Why should you consolidate your loans?
Before we move to answer this question, let us have a brief look at what consolidation means and what are the essential steps to consolidation.
What is Consolidation?
Let us explain this process using 3 characters; Anne, Mary and Rachel. Anne is a student who is a borrower of a direct loan and few other educational loans. Mary is the lender of the federal agent who has lent money to Anne. Rachel represents the US Department of Education. Anne has $1000 as her total borrowed amount from Mary. This is the sum of all the loans that has been borrowed from Mary.
Under the consolidation process, Anne consolidates all her loans with Rachel. Rachel pays the loan amount to Mary and provides Anne with a new loan and a new interest rate. Anne does this through two main processes:
The application process which consists of filling up an application form and a promissory note and submission of it either online or through mail
Verification of the loan which needs to be done by the loan holder by filling up few documents and returning it to the Department of Education within a stipulated time.

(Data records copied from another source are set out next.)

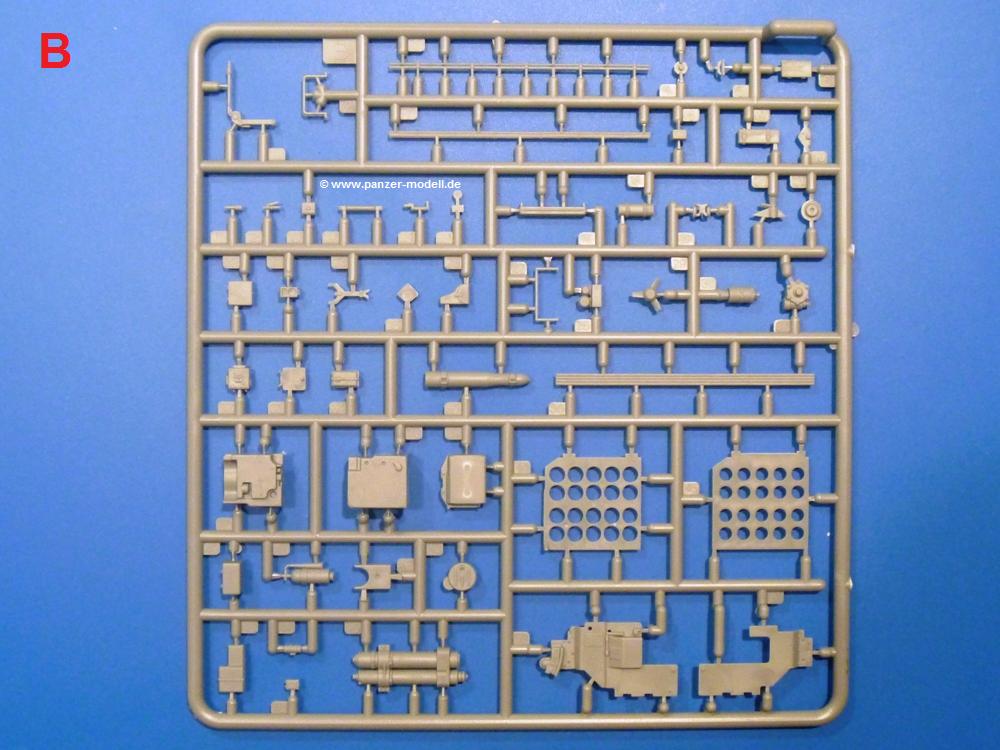 Der Bausatz: Zwar gab es bereits recht alte Bausätze des T-54 von anderen Herstellern, aber erst MiniArt hat sich etwas intensiver mit diesem Typ beschäftigt. So ist der T-54B, den wir uns heute anschauen werden, neben den bereits erschienenen T-54-1, -2, -3, nur einer aus der großen Reihe. Panzer-Modell.de hat sich den Panzer ohne Inneneinrichtung (MiniArt Nr. 37019) bereits angeschaut, so dass der Schwerpunkt dieses AUSGEPACKT auf der Inneneinrichtung liegt.Der Karton ist 385 x 240 x 100 mm groß und randvoll gefüllt mit 89(!) hellgrauen, 2 Klarsichtspritzlingen, 2 PE-Platinen und einem Decalsheet. Insgesamt werden 1.187 Teile zu verbauen sein.Schauen wir in der Übersicht, was uns das Modell bietet: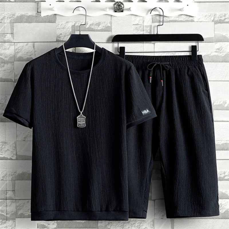Hop into spring with smooth feel of ice silk on your skin. This set ensures unparalleled breathability, keeping you cool and fresh all day long. The elastic waistband gives a perfect fit allowing you to feel your best. Bring what you need with a back pocket, and two side pockets.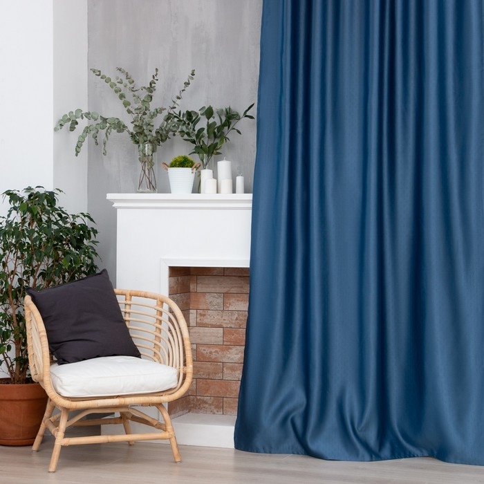 Штора портьерная Этель "Штрихи" цвет синий, на люверсах 250х265 см, 100% п/э

The next logical question that follows is ‘what is the advantage of this consolidation?’ process which brings us to the topic of our discussion.

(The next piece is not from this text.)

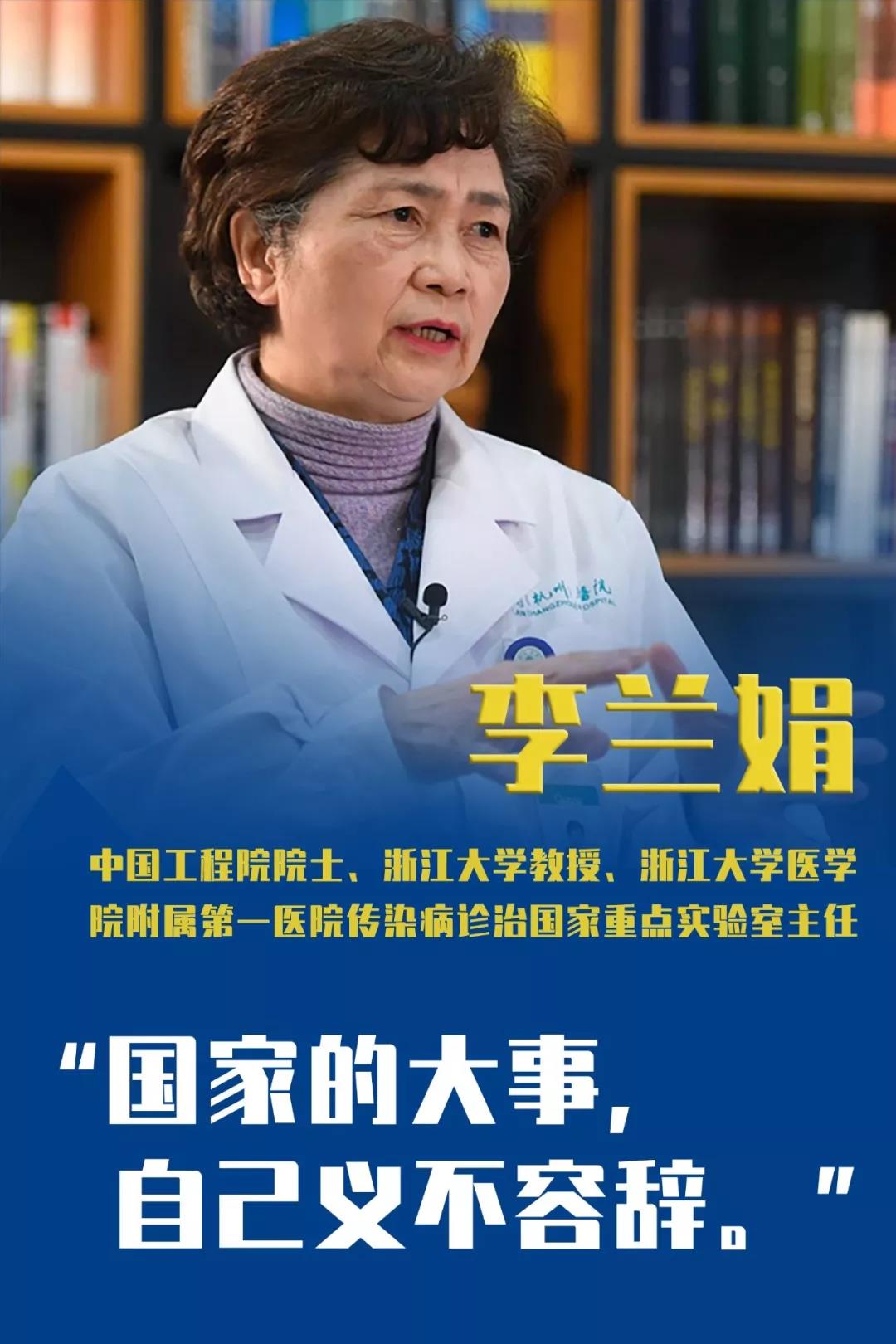 李兰娟是中国工程院院士,也是浙江大学教授、浙江大学医学院附属第一医院传染病诊治国家重点实验室主任。2月1日,73岁的她再次扛起责任,率领紧急医疗队驰援武汉,把人工肝、“四抗二平衡”等治疗方法带到武汉。四点多下火车、吃过早餐就接着开会,在收治重症患者的定点医院不分昼夜地忘我工作,与医护人员共同商讨并制定治疗方案。她还向老百姓普及防疫常识。与病毒赛跑的李兰娟院士,甚至有时一天只睡三个小时。

Here are some advantages of consolidating your loan:
One monthly payment per lender
With just one payment to make for the borrower, managing his debt along with his income is easier. Imagine a situation when Anne has to pay three different amounts for three different loans at three separate times. Confusing, isn’t it? Consolidation removes this problem.
Repayment options are flexible
You need not necessarily pay a fixed amount as under the standard repayment plan. Here, the repayment is as per our income and size of the family. Borrowers are also given the flexibility to switch between plans which are not possible in the case of a standard loan. In addition, the monthly payments are also drastically reduced or can be reduced by choosing a suitable plan.
No bar on the loan amount to qualify for consolidation
Translated in to layman’s language, it just means that you do not need to have a loan of a million dollars for consolidation. Even if you wish to consolidate it for a loan of 100 dollars, you can do it. Plus, the consolidation is free!
Deferment options are flexible
Suppose you have exhausted the current set of deferment options, you can choose a new, more flexible set.